En chic froissé, ta coiffure défaite, ton écharpe dénouée, l'un de tes hauts talons éculé, tu me faisais des idées chic et crasse : j'étais avec toi derrière le rocher mais c'était “une belle crasse” qui me venait...

     “Dis, papa, qu'est-ce qu'elle fait la dadade?”

“ça mon fils, c'est pas du cinéma en vrai pour les mômes!”

“On dirait qu'elle se régale en se tortillant, la dadade!”

“Bah, il vaut mieux voir ça en vrai qu'au ciné : là au moins c'est la nature qui parle alors qu'au ciné c'est des crasses de salauds”...

Empalée du derrière sur un trognon de branche sorti à la bonne hauteur, du tronc de l'arbre ; la dadade avait l'air de trouver bon de se tortiller...

     Les beaux discours ne sont que des coquilles vides... Et rien ne vient au monde, d'une coquille vide...

     Elle ressemblait à un soleil refroidi qui, dans une région éloignée et inconnue de l'univers, ou dans une autre partie de notre univers proche, n'aurait peut-être pas perdu sa chaleur...

Et je la regardais, blonde et pâle, passant entre ces jours de saints de glace en mai, belle et mystérieuse en face de moi...

Dessinateur de visages – mais je ne le suis point – je l'aurais tracée tendre et sévère à la fois, avec des boules Quiès dans les oreilles...

... En souvenir de Josiane, du temps des réunions de conseillers financiers de la Poste à Saint Dié des Vosges

Gratte-cul

On l'appelle “gratte-cul”... Et depuis tant et tant d'années dans cette petite ville des Vosges, il tient boutique au point le plus “stratégique” de cette ville... Mais ne voit jamais entrer personne dans sa boutique... En fait, sa boutique, ou plutôt la porte vitrée de sa boutique derrière laquelle il est assis... ou debout, est pour lui comme un point d'observation, une “vue plongeante” sur cette bonne ville des Vosges...

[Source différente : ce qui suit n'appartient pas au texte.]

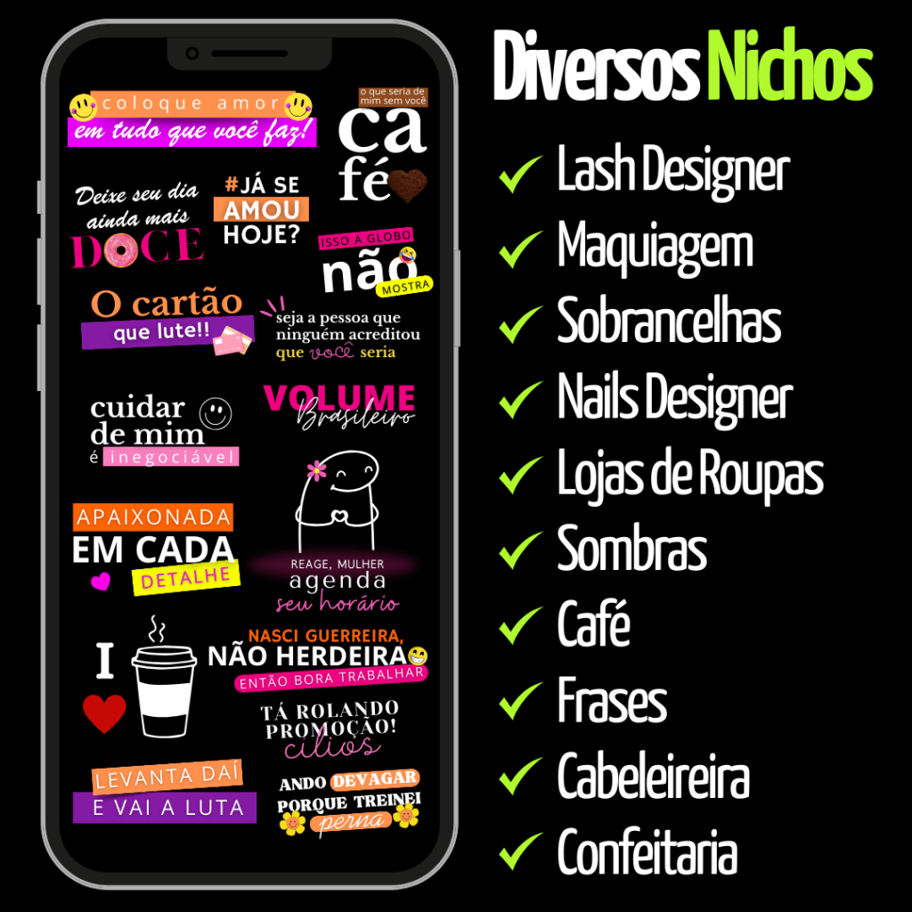 Aumente seu engajamento e pare de ser ignorada. Com o SUPER PACK ADESIVOS DE STORIES você conquistará os stories mais deslumbrantes e cativantes de todos.

Des gens de la ville racontent qu'à l'âge de trois ans il avait encore des couches, et que sa mère lui faisait faire le tour de la place, attaché comme un chien à une corde...

Un jeune homme “beloud” qu'il a été, disent-ils aussi, les gens, les gens de sa génération...

Alors les filles, c'était pas pour lui! Et pourtant il est riche! Il a hérité!

Riche mais seul, toujours habillé pareil... Une vie de riens, sans aucun “extra”...

Et quand il ne sera plus, la grand rue -et toute la ville – aura perdu l'un de ses orphelins... cousu d'or mais déconsidéré, englouti dans la “petite histoire” que les Historiens n'écrivent jamais – sauf peut-être les écrivains de terroir...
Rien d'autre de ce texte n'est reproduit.